Thanks. You should see her now.

/threadjacking

horizontal rule
39

My wife had 3 c-sections. The first one was a little gross but I am used to them by now. I think this goes down into the category "everyone does it; don't be a sissy." Plus, it really is helpful for the wife to have the husband there.

I often get faint when I give blood or read about operations. But that is all psychosomatic; caused by spending too much time with my own thoughts. That isn't how it is when your wife is having a baby. It isn't about you. The nurses told me that they never had a husband faint and I believe them.


horizontal rule
40

Whoa. I know there's another name at the top of the flickr page and all, but Chopper is Josh Marshall.

horizontal rule
41

Nah.

horizontal rule
42

Nah.

horizontal rule
43

/being sucked into the baby vortex

awwwwwwwwwwwwwwwww! so cuuuuuuuute

/climbing back out

A couple med students friends of mine have said that men get faint all the time, but don't pass out as often because they usually get them to relax or distracted in time.

Good analogy, pjs.
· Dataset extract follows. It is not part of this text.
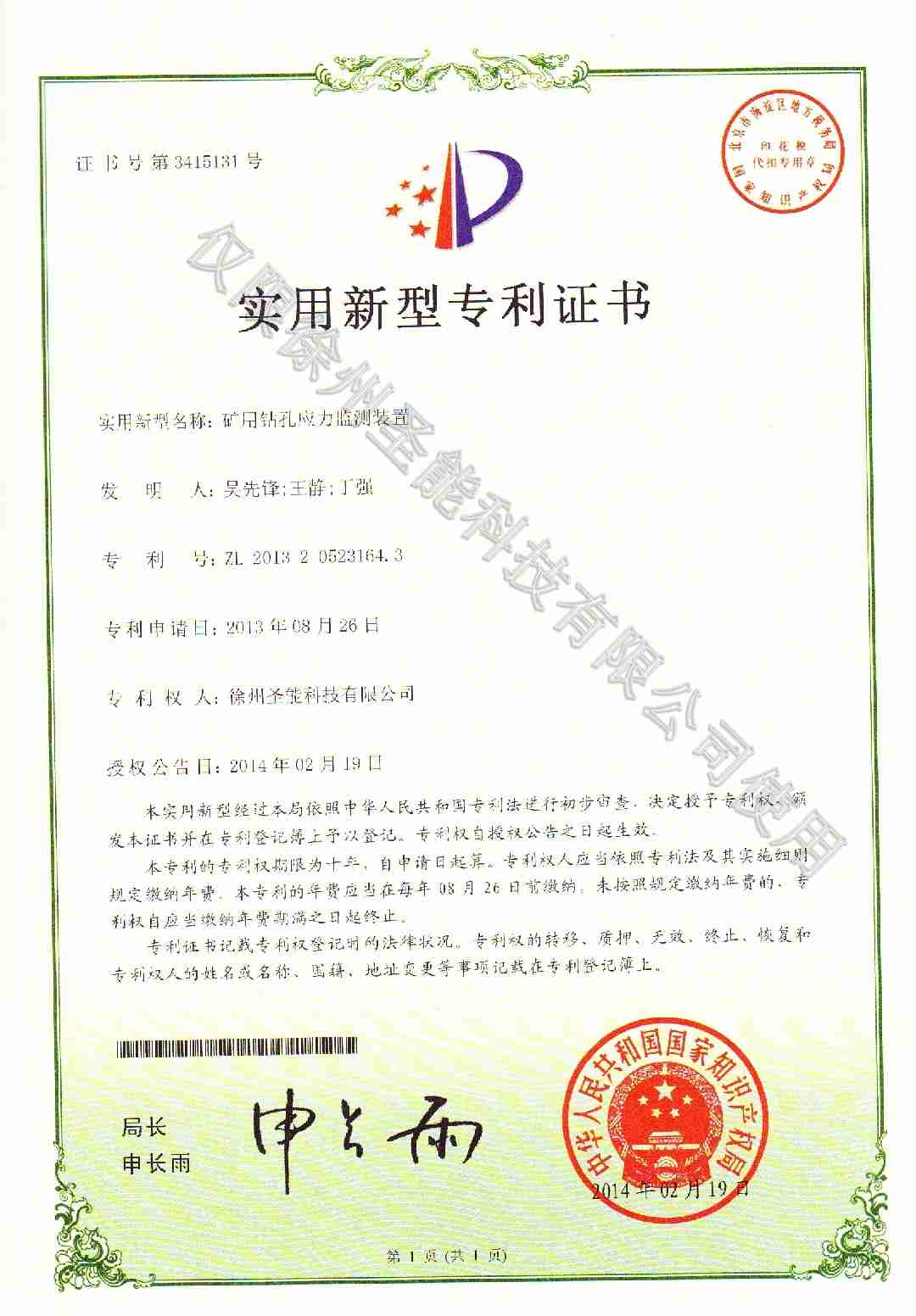礦用鉆孔應(yīng)力監(jiān)測(cè)裝置專利證書

To take it further, if you broke off the friendship because you never got over missing the Superbowl and your psychologist began to give the advice to grieving parents that they should ensure that the funeral didn't inconvenience anyone, you'd both be idiots.

horizontal rule
44

Not a bad analogy, but not a perfect one, either. In the analogy the behavioral output is going to the kid's funeral or going to the game; w/r/t to the article the husbands have a choice about whether to keep their mouths shut, but it's hard to imagine that this is really the sole outcome that's being sought by the aggrieved wife. It's also a question of being physically attracted to and emotionally comfortable with her, which isn't something that seems likely to be affected by telling the guy to dutifully suck it up.

horizontal rule
45

I'm reminded of this poem.

horizontal rule
46

I object to the idea that those of us who feel impelled to ridicule the sincere emotional reactions of other people should remain silent. We have needs, too.

horizontal rule
47

What Tom said. The reaction here as basically been "Shut up and find her attractive." I don't think it works that way.

horizontal rule
48

I commented and then had to run do stuff, but I agree with pretty much everything that has been said.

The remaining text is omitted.